(Given entries):
○ ○ ○ ○ ○

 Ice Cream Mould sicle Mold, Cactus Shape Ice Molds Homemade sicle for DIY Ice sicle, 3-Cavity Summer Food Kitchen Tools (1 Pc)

○ ○ ○ ○ ○

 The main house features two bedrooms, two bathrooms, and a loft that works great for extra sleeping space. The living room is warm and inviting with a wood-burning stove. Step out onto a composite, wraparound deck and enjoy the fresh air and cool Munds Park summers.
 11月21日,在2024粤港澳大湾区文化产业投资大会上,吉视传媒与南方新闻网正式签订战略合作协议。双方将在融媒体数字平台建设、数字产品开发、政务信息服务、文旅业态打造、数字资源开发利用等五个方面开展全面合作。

○ ○ ○ ○ ○

(Task instructions):
As listed above, the lines from the line with "The main house" to the line with "11月21日,在2024粤港" are to be echoed exactly, with both ends included and nothing added.

(Solution):
 The main house features two bedrooms, two bathrooms, and a loft that works great for extra sleeping space. The living room is warm and inviting with a wood-burning stove. Step out onto a composite, wraparound deck and enjoy the fresh air and cool Munds Park summers.
 11月21日,在2024粤港澳大湾区文化产业投资大会上,吉视传媒与南方新闻网正式签订战略合作协议。双方将在融媒体数字平台建设、数字产品开发、政务信息服务、文旅业态打造、数字资源开发利用等五个方面开展全面合作。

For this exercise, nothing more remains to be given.